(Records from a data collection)
===

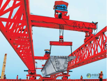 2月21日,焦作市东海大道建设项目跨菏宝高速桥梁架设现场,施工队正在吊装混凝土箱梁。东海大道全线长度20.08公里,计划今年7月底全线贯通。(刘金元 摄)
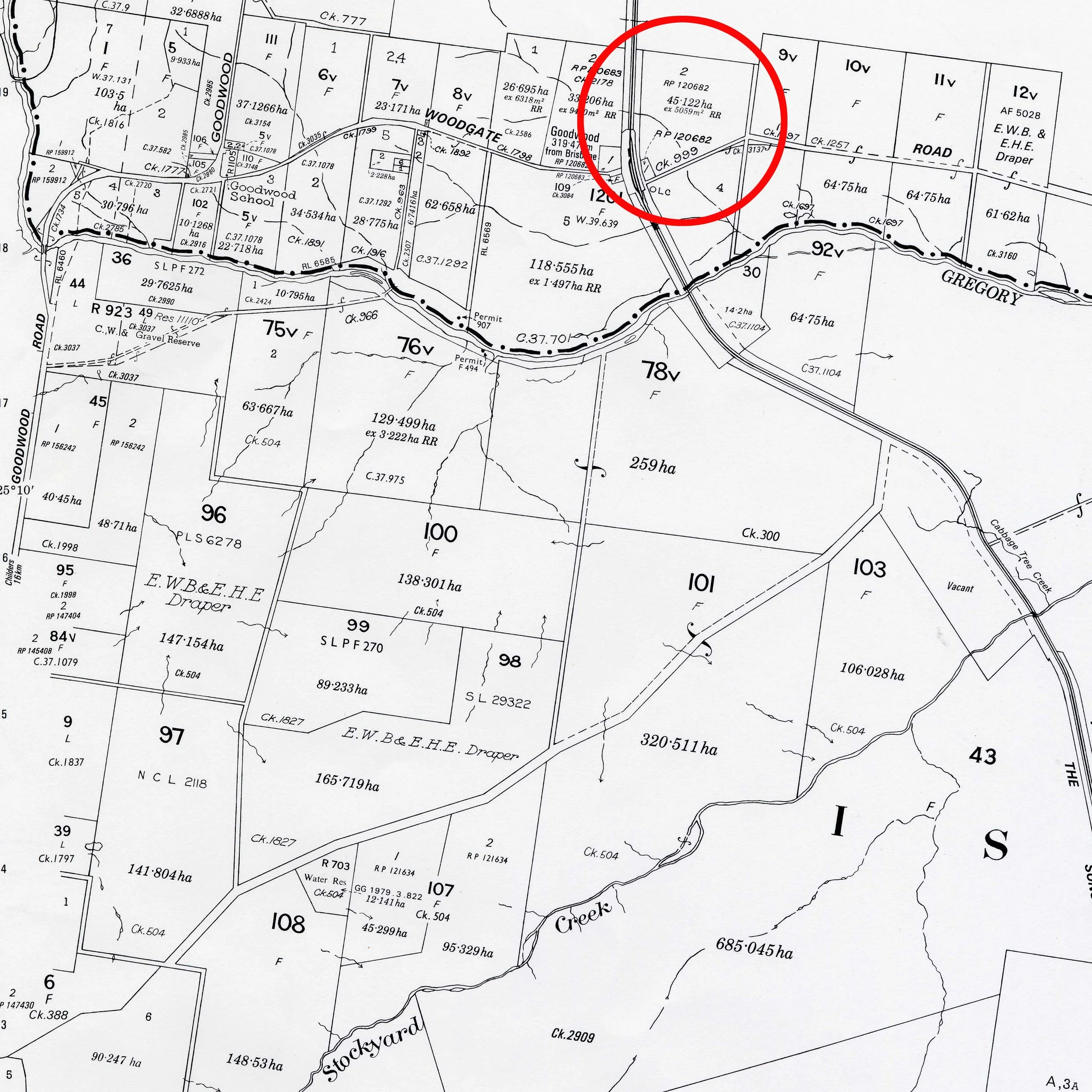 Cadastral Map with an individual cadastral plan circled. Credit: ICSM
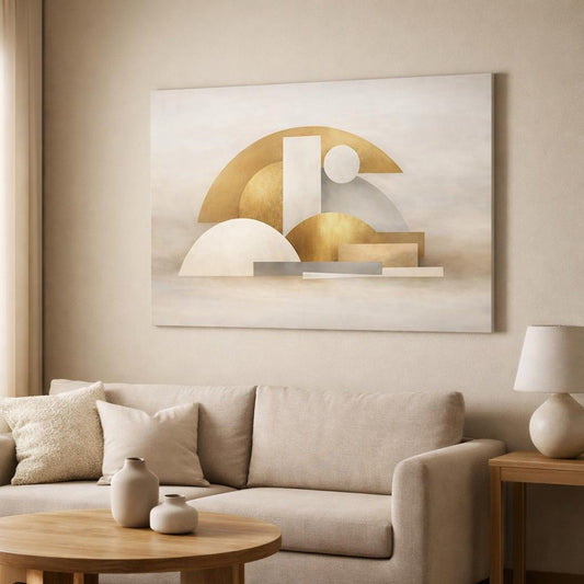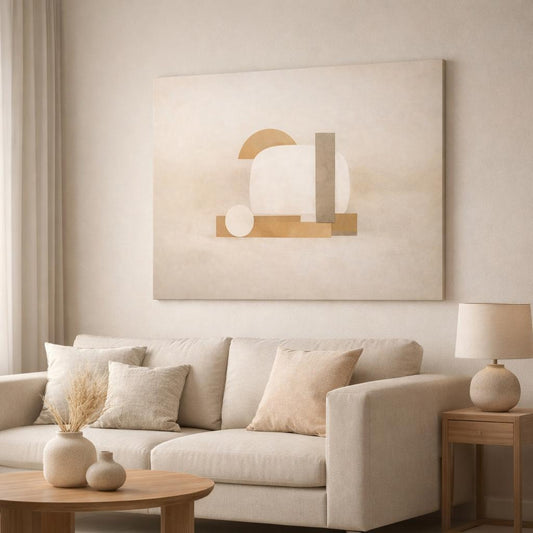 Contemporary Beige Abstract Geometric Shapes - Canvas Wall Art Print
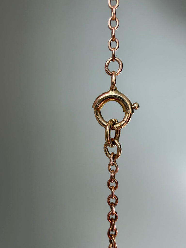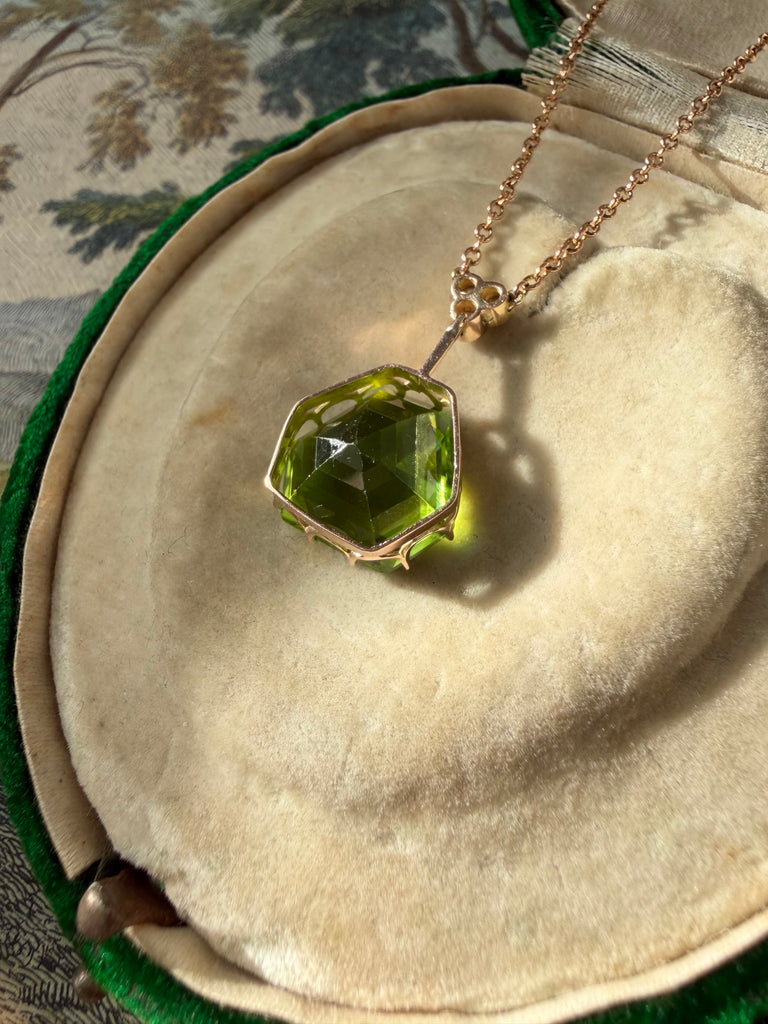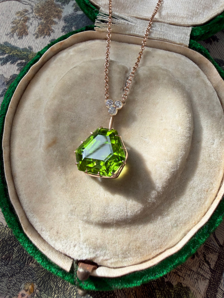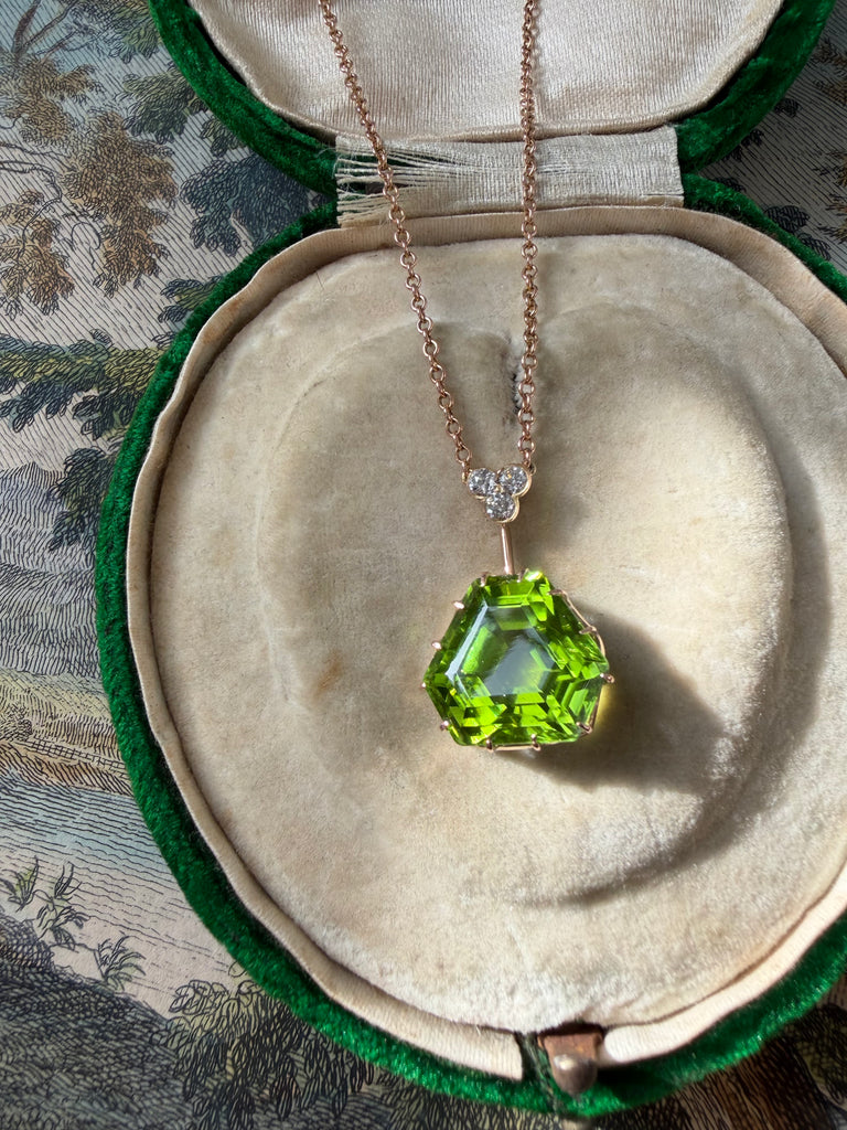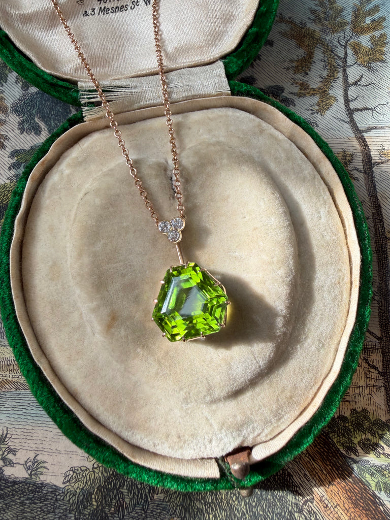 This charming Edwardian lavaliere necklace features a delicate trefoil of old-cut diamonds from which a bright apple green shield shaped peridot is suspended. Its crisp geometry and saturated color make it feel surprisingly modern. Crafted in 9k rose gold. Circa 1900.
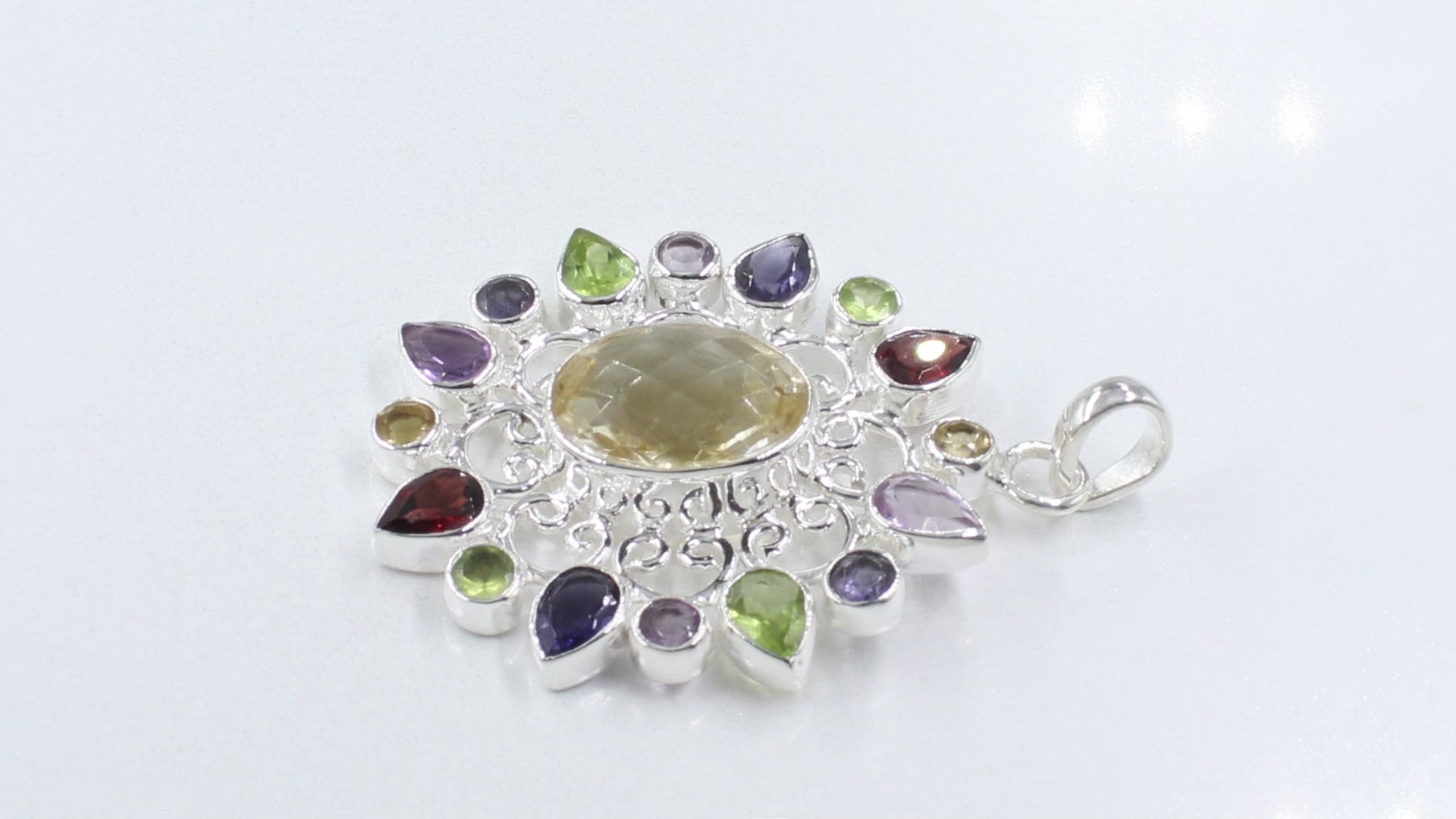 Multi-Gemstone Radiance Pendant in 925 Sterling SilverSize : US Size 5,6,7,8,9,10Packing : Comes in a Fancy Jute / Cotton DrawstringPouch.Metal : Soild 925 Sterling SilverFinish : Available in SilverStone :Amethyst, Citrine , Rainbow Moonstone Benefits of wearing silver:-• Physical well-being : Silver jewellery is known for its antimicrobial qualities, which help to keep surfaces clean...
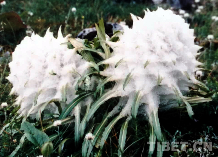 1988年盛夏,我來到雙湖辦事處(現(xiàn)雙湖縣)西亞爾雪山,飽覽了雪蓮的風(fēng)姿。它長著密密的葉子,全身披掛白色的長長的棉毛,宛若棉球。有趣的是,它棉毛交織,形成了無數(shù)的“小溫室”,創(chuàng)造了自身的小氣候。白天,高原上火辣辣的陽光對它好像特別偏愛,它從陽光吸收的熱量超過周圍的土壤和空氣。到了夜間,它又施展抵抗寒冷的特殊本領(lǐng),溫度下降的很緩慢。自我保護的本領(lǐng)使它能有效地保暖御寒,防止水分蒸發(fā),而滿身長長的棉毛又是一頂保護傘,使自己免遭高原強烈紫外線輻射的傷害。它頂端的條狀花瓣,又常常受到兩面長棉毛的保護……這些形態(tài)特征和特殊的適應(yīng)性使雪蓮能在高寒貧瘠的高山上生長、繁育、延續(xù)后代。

===

Using the records above, return verbatim only the part that opens with the line containing "Cadastral Map with" and closes with the line containing "This charming Edwardian"; pictures stay out.

Solution for this problem:
 Cadastral Map with an individual cadastral plan circled. Credit: ICSM
 Contemporary Beige Abstract Geometric Shapes - Canvas Wall Art Print
 This charming Edwardian lavaliere necklace features a delicate trefoil of old-cut diamonds from which a bright apple green shield shaped peridot is suspended. Its crisp geometry and saturated color make it feel surprisingly modern. Crafted in 9k rose gold. Circa 1900.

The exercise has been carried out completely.